Now, if you can manage to raise the standards of living earlier, you might get small enough families, or sons with enough capital, even in a system without primogeniture--but it's going to take doing without industry in the first place...
specialization with windmill towns
Given you're following a Chinese model (as it sounds like), two possibilities occur to me: vertical-axis turbines (eggbeater style), which are very much more efficient (& known to be around the 1109s in Europe), & high-altitude wind access by kites.

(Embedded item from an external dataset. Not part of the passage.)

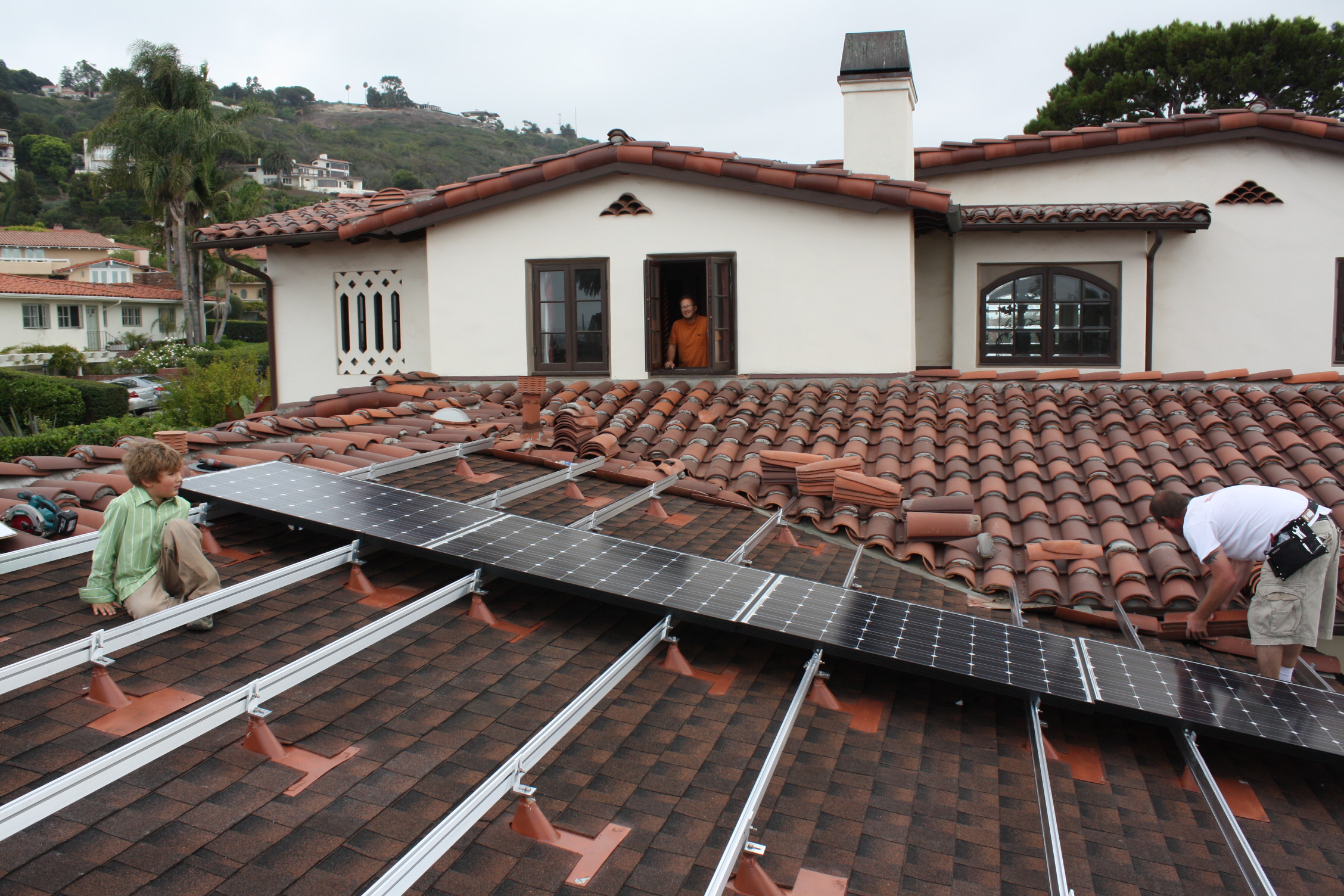 System Size DC: 5,880 DC Watts This system was designed with 30 Scucho Solar SPV 210 SMAU-1 210 watt panels at 14 panels per string connecting to a Sunnyboy 6000 watt DC/AC Inverter. This installation use the West roof surface with equal strings of 14. Permitting Issues: None, The City of Palos Verdes Estates have become solar friendly. Time of Use Metering? Yes. Time of Use Metering means that between 12 noon and 6 PM your electricity rate goes up dramatically. For solar producers this means every time you spin the meter backwards you are getting a credit at the much higher Time-of-Use (TOU) rate. |

would it be plausible for someone to create an oil powered steam engine?
I can't see why not. Oil lamps have been around a very, very long time, so oil as fuel isn't a new idea. (Petroleum is...so you might be starting with, frex, olive oil or whale oil.) AFAIK, steam engines, even the atmospheric (Newcomen) type, didn't care what the fuel was; coal had uses in manufacturing processes (for iron), but so did charcoal (for things before that), & taking a separate path for smelting or iron processing, & for powering engines, doesn't seem outrageous.

Edit:
industrialization could have occurred in ship building or weapons manufacturing. But production was inconsistent and could be "drafted" by monarchs. There's no need to industrialize cannon manufacturing in this case.
I'm not seeing shipbuilding as a means; military shipping needs are so different from civil, there's not a lot of crossover.

In the mooted nation, with a population of 150 mil, the army might be large enough to create demand for thousands of crossbows (frex), & so hundreds of thousands of bolts, & millions of swords, not to mention armor. (Would armor necessarily be metal? No; it could be boiled leather, or, in Chinese context, lacquered folded paper {believe it, or not}.)

Would demand for swords (frex) be enough to support an early industrial society? Maybe not--but it would spark a lot of spinoffs that might. And I'll confess, if there's enough shipbuilding, deforestation might lead to demand for new fuels, & shipbuilding materials...; I'm less sure that's a direct route, & not an ultimate dead end.

Edit 2:
OTL equivalent seems to have allowed authors to copyright books and allowed corporations to copyright symbols pertaining to their company. Seems there is no record of patents for inventions through.
It's not that simple. It's about rule of law: knowing contracts are enforceable, knowing your factory can't be seized by the government at will, knowing bribery isn't a given. Compare modern Russia to 18th or 19th Century Britain

Edit 3:
Humanity progressively becomes more Eldritch
Am I seeing an evolution toward disembodied intelligence, here? That's pure nonsense. Once people have effective control over their environment (& we already do), biological evolution stops: it's not needed anymore. It's replaced by cultural evolution (technology, social norms, & such).